Check 5: SAN coverage verification¶
Command/method:
# List all SANs in the current certificate
echo | openssl s_client -connect example.com:443 2>/dev/null \
| openssl x509 -noout -text | grep -A5 "Subject Alternative Name"
# Compare with what's in the cert-manager Certificate spec
kubectl get certificate myapp-tls -n production \
-o jsonpath='{.spec.dnsNames[*]}'
# Check for recently added virtual hosts / subdomains
kubectl get ingress -n production \
-o jsonpath='{range .items[*]}{.spec.rules[*].host}{"\n"}{end}' | sort -u
api.example.com was added to an ingress but not to the certificate's dnsNames, that subdomain will fail TLS.

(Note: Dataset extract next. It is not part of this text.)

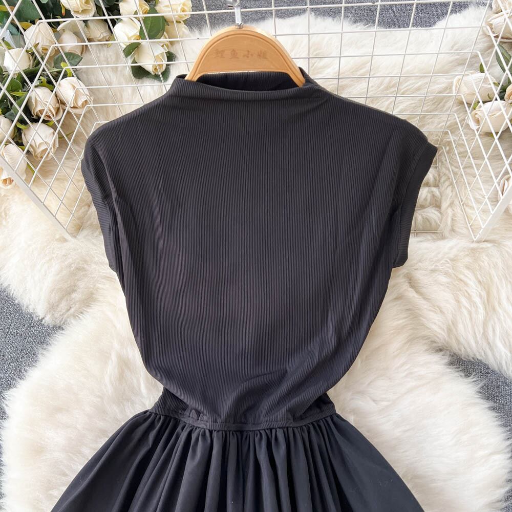 夏のバージョンのハイエンドハーフハイカラーの気質のノースリーブのステッチのドレスの女性のヘップバーンスタイルのフランスの有名人のリトルブラックドレス サマー 夏物 lyxaj48299167938

Common pitfall: Wildcard certs (*.example.com) do NOT cover the apex domain (example.com). If both are needed, both must be listed explicitly.
Terminal Actions¶
✅ Action: Emergency Renewal (expired or < 24 hours)¶
Do:
# 1. Generate a new certificate immediately (manual path)
# For Let's Encrypt via certbot (standalone mode — temporary HTTP server)
certbot certonly --standalone \
-d example.com \
--email admin@example.com \
--agree-tos \
--non-interactive
# 2. Update Kubernetes Secret with new cert
kubectl create secret tls myapp-tls \
--cert=/etc/letsencrypt/live/example.com/fullchain.pem \
--key=/etc/letsencrypt/live/example.com/privkey.pem \
-n production \
--dry-run=client -o yaml | kubectl apply -f -
# 3. Roll pods to pick up new cert (if mounted as Secret volume)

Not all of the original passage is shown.